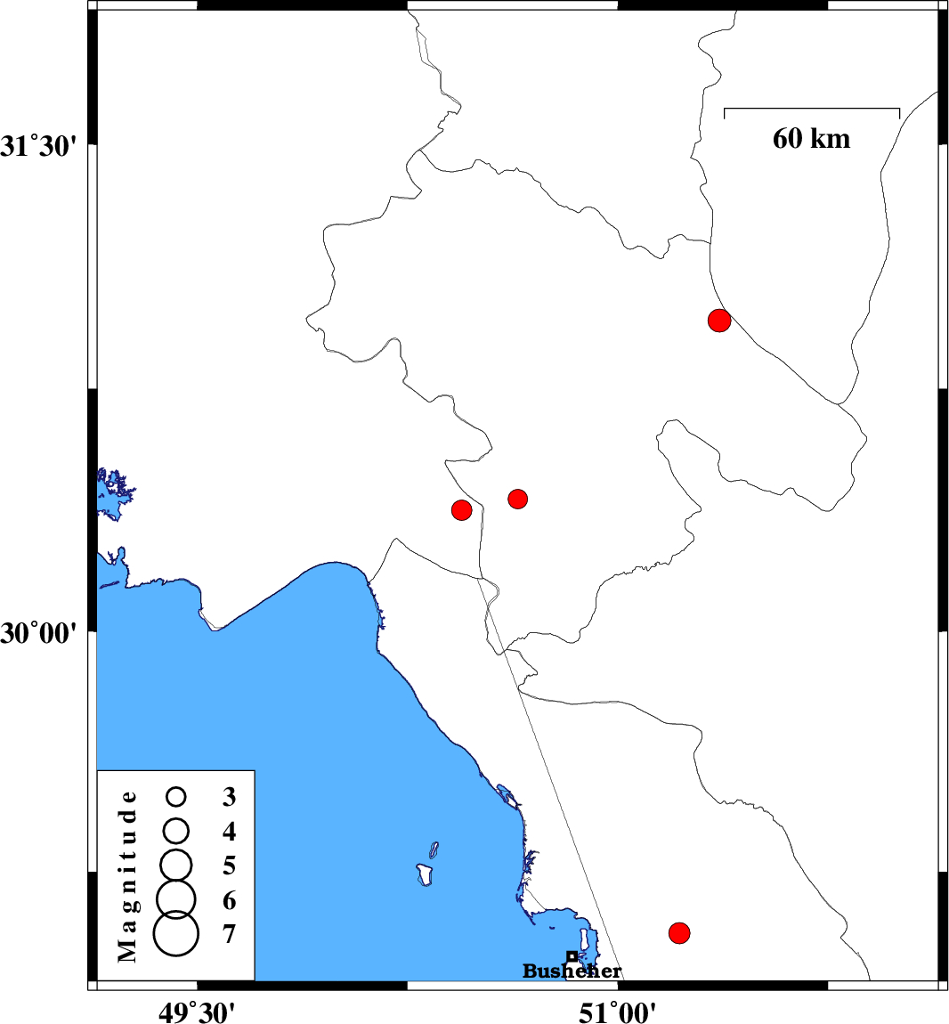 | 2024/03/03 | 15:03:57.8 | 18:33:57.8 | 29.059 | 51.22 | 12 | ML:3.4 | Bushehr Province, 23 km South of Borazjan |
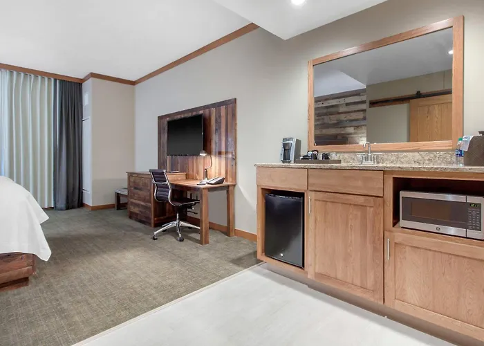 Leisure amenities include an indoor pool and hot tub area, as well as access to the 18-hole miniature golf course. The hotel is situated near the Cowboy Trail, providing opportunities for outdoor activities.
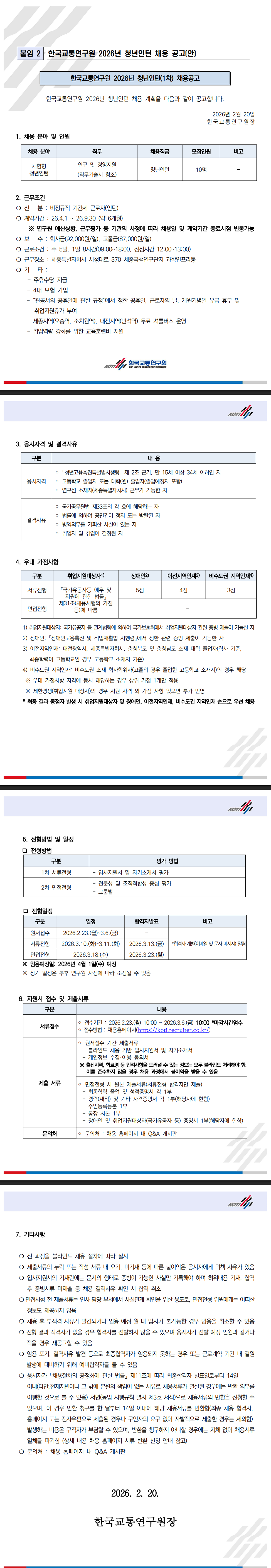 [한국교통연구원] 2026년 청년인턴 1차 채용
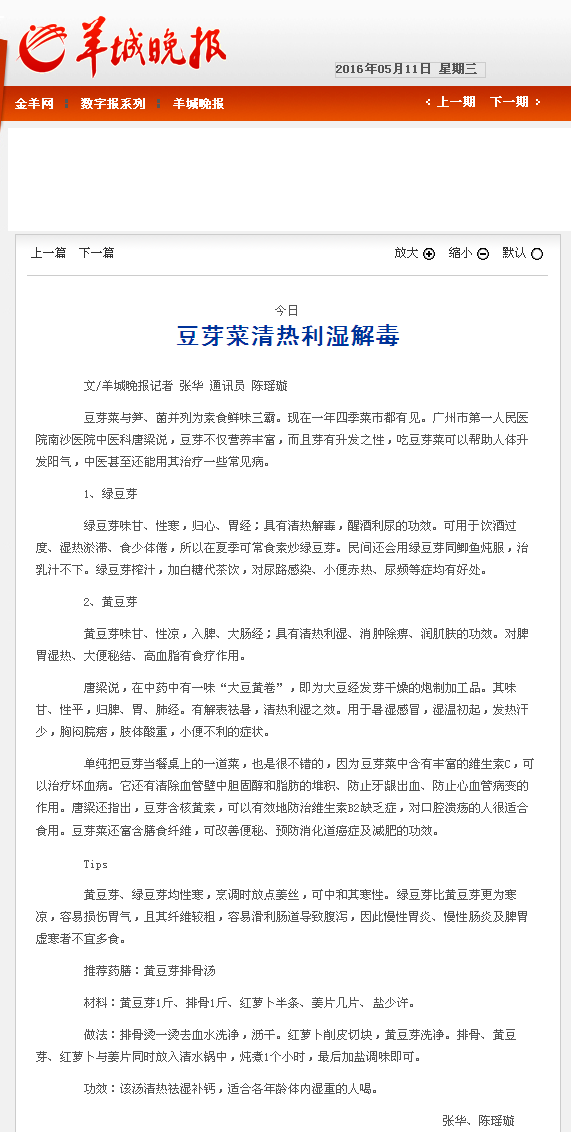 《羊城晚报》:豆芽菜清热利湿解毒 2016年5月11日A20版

Exercise goal:
When you copy the data, keep every line exact and leave out each picture.

Exercise response:
 | 2024/03/03 | 15:03:57.8 | 18:33:57.8 | 29.059 | 51.22 | 12 | ML:3.4 | Bushehr Province, 23 km South of Borazjan |
 Leisure amenities include an indoor pool and hot tub area, as well as access to the 18-hole miniature golf course. The hotel is situated near the Cowboy Trail, providing opportunities for outdoor activities.
 [한국교통연구원] 2026년 청년인턴 1차 채용
 《羊城晚报》:豆芽菜清热利湿解毒 2016年5月11日A20版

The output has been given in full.